WHAT TO WORK ON: Only the lines from the one containing "Shown are CAPICE" through the one containing "Комплект состоит из" should be printed, exactly as they appear below, with both ends included.

DATASET ENTRIES:
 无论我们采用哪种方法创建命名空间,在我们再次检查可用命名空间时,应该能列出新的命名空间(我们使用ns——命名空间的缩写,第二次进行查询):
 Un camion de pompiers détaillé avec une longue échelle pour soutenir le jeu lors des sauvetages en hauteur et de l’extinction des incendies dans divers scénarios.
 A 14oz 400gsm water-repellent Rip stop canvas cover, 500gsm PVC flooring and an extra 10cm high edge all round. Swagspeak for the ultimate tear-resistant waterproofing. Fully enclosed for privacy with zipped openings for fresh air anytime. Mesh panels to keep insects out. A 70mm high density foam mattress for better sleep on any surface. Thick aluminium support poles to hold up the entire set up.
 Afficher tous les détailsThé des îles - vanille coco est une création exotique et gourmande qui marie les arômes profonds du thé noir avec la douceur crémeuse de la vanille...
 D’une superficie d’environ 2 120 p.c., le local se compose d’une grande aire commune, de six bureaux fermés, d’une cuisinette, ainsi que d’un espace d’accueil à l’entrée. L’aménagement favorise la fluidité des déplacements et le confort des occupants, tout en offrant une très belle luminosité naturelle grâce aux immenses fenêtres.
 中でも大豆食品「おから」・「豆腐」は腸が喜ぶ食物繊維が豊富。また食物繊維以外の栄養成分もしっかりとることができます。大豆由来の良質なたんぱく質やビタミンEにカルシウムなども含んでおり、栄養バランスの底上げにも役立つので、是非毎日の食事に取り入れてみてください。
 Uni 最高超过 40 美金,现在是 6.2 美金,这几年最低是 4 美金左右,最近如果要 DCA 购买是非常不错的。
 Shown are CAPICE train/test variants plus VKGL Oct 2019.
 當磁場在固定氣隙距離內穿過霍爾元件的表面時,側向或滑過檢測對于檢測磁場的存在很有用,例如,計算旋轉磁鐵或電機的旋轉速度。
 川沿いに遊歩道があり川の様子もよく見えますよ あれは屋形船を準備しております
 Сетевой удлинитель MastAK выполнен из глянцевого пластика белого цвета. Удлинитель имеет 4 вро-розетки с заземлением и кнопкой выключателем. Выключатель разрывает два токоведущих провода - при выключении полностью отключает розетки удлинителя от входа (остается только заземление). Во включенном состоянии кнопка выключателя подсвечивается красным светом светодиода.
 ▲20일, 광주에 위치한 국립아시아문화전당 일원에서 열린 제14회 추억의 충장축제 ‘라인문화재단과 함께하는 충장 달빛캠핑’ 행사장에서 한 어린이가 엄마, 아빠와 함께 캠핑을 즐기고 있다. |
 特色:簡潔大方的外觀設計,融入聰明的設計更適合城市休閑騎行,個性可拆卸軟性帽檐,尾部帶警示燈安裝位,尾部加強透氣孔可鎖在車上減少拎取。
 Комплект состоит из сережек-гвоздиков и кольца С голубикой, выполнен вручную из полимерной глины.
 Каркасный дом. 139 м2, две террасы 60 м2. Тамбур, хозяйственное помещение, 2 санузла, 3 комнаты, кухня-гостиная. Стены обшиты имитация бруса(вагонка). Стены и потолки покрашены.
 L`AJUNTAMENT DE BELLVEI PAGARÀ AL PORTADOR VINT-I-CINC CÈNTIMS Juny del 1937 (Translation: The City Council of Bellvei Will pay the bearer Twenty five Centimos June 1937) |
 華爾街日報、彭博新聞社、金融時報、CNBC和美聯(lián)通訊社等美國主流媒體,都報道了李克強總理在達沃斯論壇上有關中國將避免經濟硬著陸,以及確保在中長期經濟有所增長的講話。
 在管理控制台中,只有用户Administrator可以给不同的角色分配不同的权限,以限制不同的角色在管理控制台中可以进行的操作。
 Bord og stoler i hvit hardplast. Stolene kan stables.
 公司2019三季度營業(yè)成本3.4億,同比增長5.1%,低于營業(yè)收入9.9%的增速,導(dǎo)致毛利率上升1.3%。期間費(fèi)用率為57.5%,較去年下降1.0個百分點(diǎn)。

ANSWER BOX:
 Shown are CAPICE train/test variants plus VKGL Oct 2019.
 當磁場在固定氣隙距離內穿過霍爾元件的表面時,側向或滑過檢測對于檢測磁場的存在很有用,例如,計算旋轉磁鐵或電機的旋轉速度。
 川沿いに遊歩道があり川の様子もよく見えますよ あれは屋形船を準備しております
 Сетевой удлинитель MastAK выполнен из глянцевого пластика белого цвета. Удлинитель имеет 4 вро-розетки с заземлением и кнопкой выключателем. Выключатель разрывает два токоведущих провода - при выключении полностью отключает розетки удлинителя от входа (остается только заземление). Во включенном состоянии кнопка выключателя подсвечивается красным светом светодиода.
 ▲20일, 광주에 위치한 국립아시아문화전당 일원에서 열린 제14회 추억의 충장축제 ‘라인문화재단과 함께하는 충장 달빛캠핑’ 행사장에서 한 어린이가 엄마, 아빠와 함께 캠핑을 즐기고 있다. |
 特色:簡潔大方的外觀設計,融入聰明的設計更適合城市休閑騎行,個性可拆卸軟性帽檐,尾部帶警示燈安裝位,尾部加強透氣孔可鎖在車上減少拎取。
 Комплект состоит из сережек-гвоздиков и кольца С голубикой, выполнен вручную из полимерной глины.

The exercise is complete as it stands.